■ TASK INSTRUCTIONS
Would you return each record that follows word for word, without its pictures?

*** RECORDS PROVIDED ***

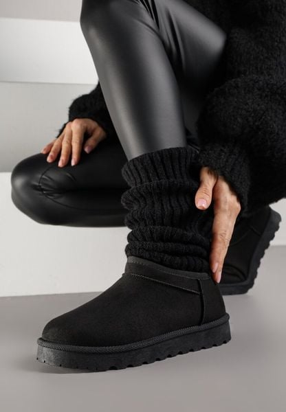 Czarne Wsuwane Śniegowce z Niską Cholewką Alodla
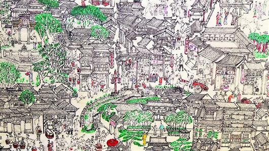 查阅县志、翻看历史文献资料、走访老城居民,到处搜寻和古城有关的图文资料。周学聪先画出小幅的草图,经过多方求证,各个细节无误之后再绘制到大图上。历时3年,终于圆满完工。
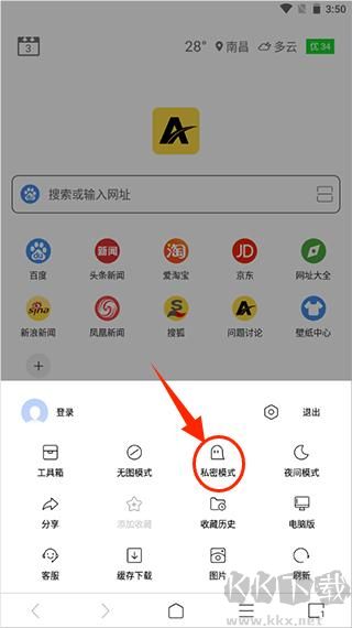 2、尋找私密模式:點擊下方功能選項,在眾多選項中找到 “私密模式” 并點擊。
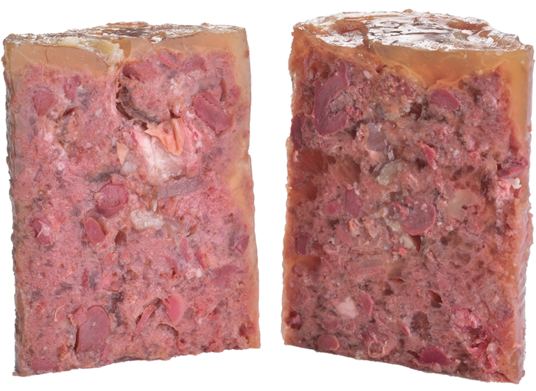 - De vrais morceaux de viande et d’abats en pâté.
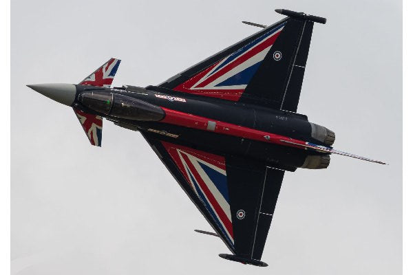 The Eurofighter Typhoon "Black Jack" is a twin-engine, multi-role combat aircraft with an impressive speed of 2.25 Mach and a maximum take-off weight of 55,000 pounds.

*** End of RECORDS PROVIDED ***

■ SOLUTION FOR THIS TASK
 Czarne Wsuwane Śniegowce z Niską Cholewką Alodla
 查阅县志、翻看历史文献资料、走访老城居民,到处搜寻和古城有关的图文资料。周学聪先画出小幅的草图,经过多方求证,各个细节无误之后再绘制到大图上。历时3年,终于圆满完工。
 2、尋找私密模式:點擊下方功能選項,在眾多選項中找到 “私密模式” 并點擊。
 - De vrais morceaux de viande et d’abats en pâté.
 The Eurofighter Typhoon "Black Jack" is a twin-engine, multi-role combat aircraft with an impressive speed of 2.25 Mach and a maximum take-off weight of 55,000 pounds.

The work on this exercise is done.